:: Data excerpt ::
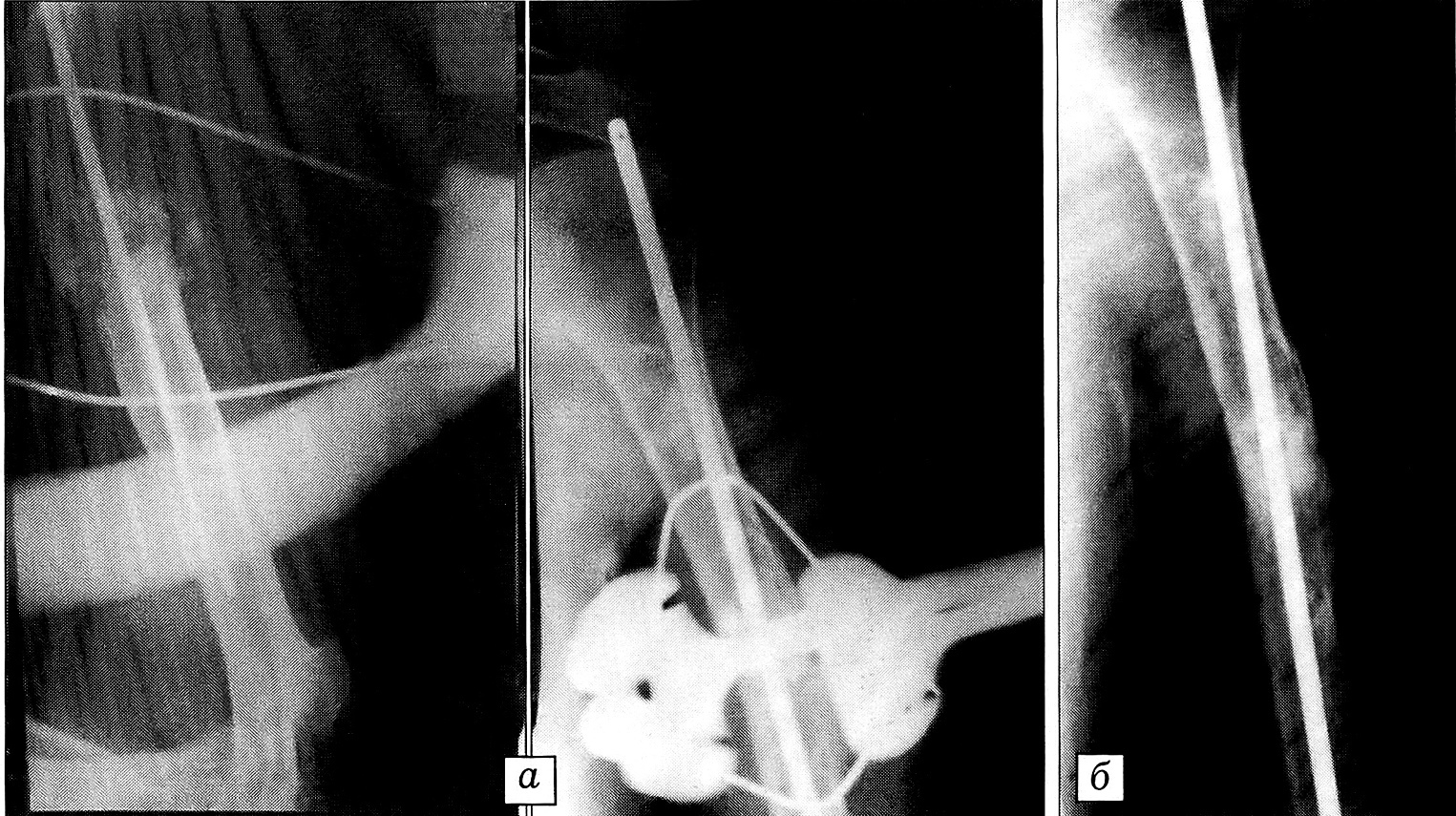 2. Rice. 1. Example 1. Radiographs of patient T.a - false joint of the humerus 8 months after fixation of bone fragments with a pin. Two knitting needles are held, stretched in one bracket; b — 4 months later: the fracture healed, the apparatus was removed.
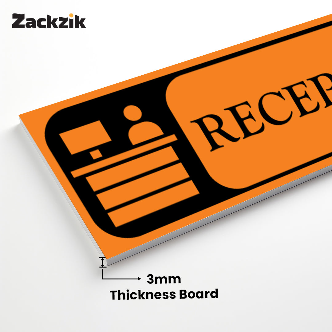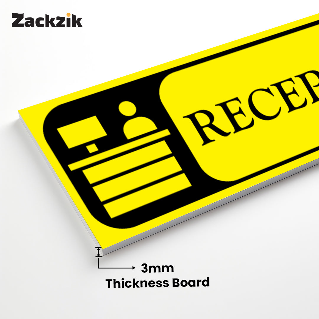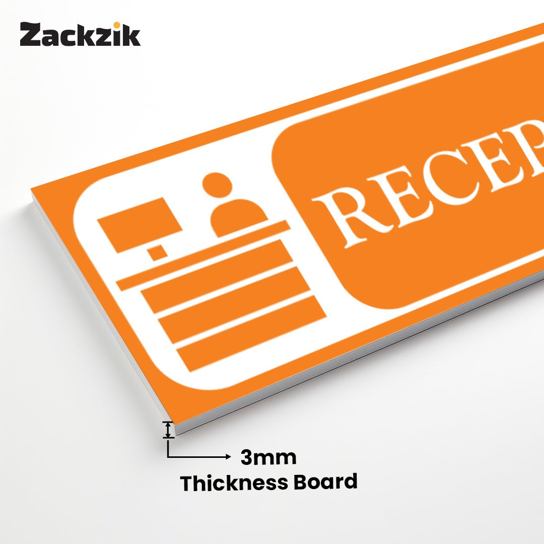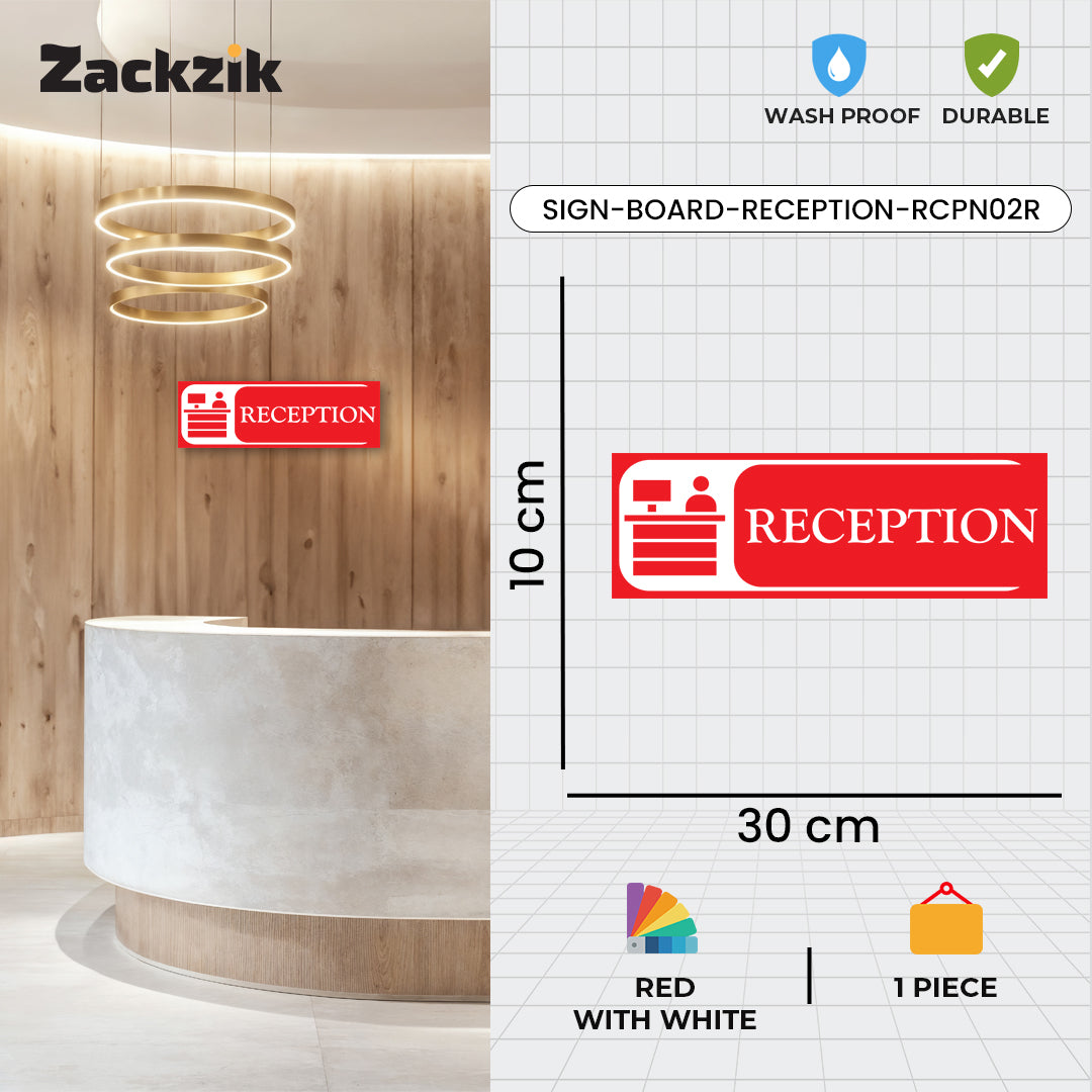 Bold Design: Clear purple-and-white reception graphic with bold text for easy identification
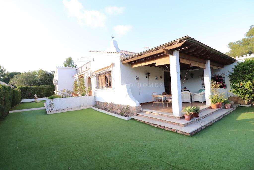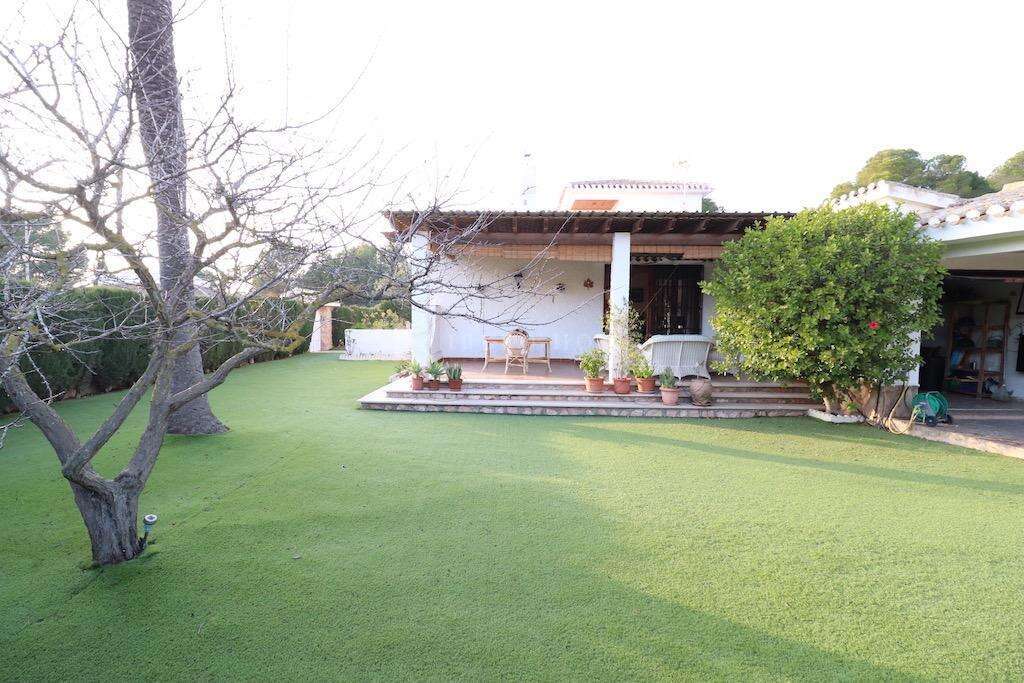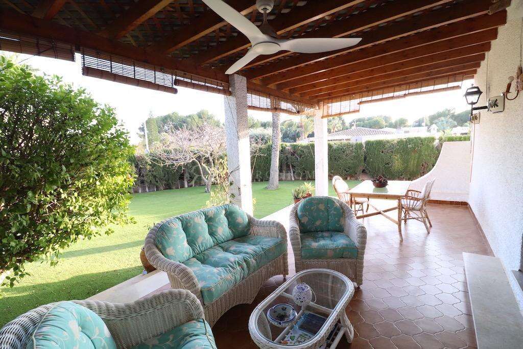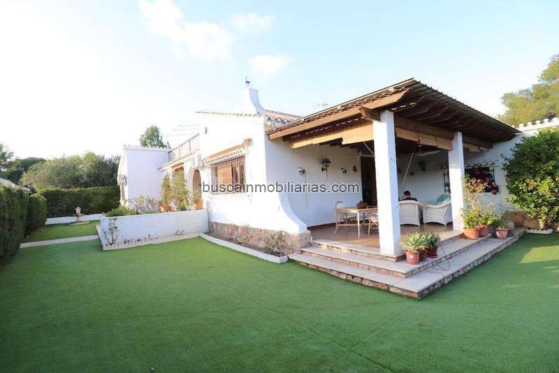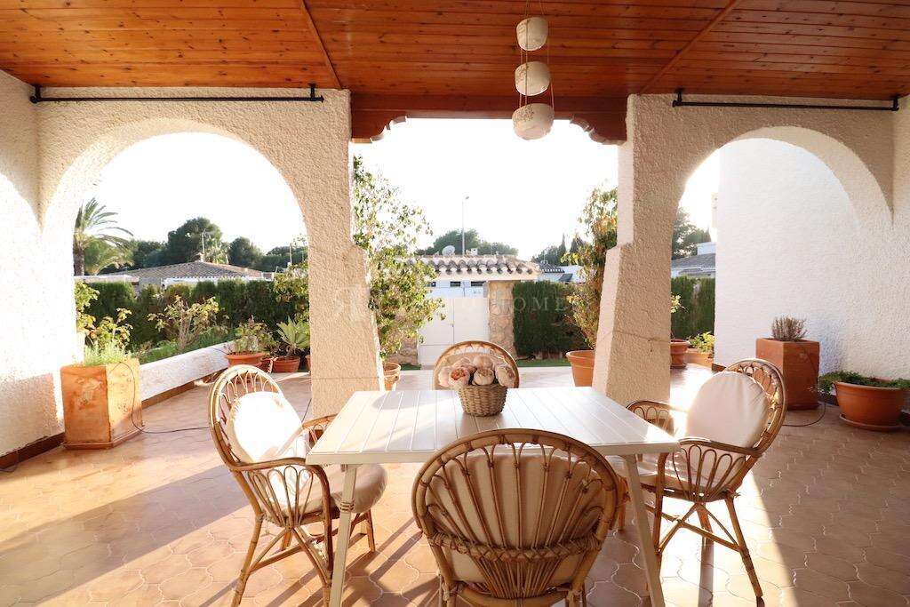 Dehesa de Campoamor chalet en esquina a dos calles y orientación sur con una parcela de 750 m2 y una vivienda en 2 alturas de 300 m2 vivienda con 5 dormitorios, 2 baños, cocina independiente con galería, gran salón comedor con chimenea, 2 terrazas, solarium con unos 40 m2, dispone de un garaje cerrado, trastero, la vivienda se vende amueblada, acceso al polideportivo con piscina comunitaria, paddel, tenis y a tan solo 600 mts de la playa.~
:::
- [Exercise instructions]
All of the data above should be quoted exactly, except for the pictures.

- [Task response]
 2. Rice. 1. Example 1. Radiographs of patient T.a - false joint of the humerus 8 months after fixation of bone fragments with a pin. Two knitting needles are held, stretched in one bracket; b — 4 months later: the fracture healed, the apparatus was removed.
 Bold Design: Clear purple-and-white reception graphic with bold text for easy identification
 Dehesa de Campoamor chalet en esquina a dos calles y orientación sur con una parcela de 750 m2 y una vivienda en 2 alturas de 300 m2 vivienda con 5 dormitorios, 2 baños, cocina independiente con galería, gran salón comedor con chimenea, 2 terrazas, solarium con unos 40 m2, dispone de un garaje cerrado, trastero, la vivienda se vende amueblada, acceso al polideportivo con piscina comunitaria, paddel, tenis y a tan solo 600 mts de la playa.~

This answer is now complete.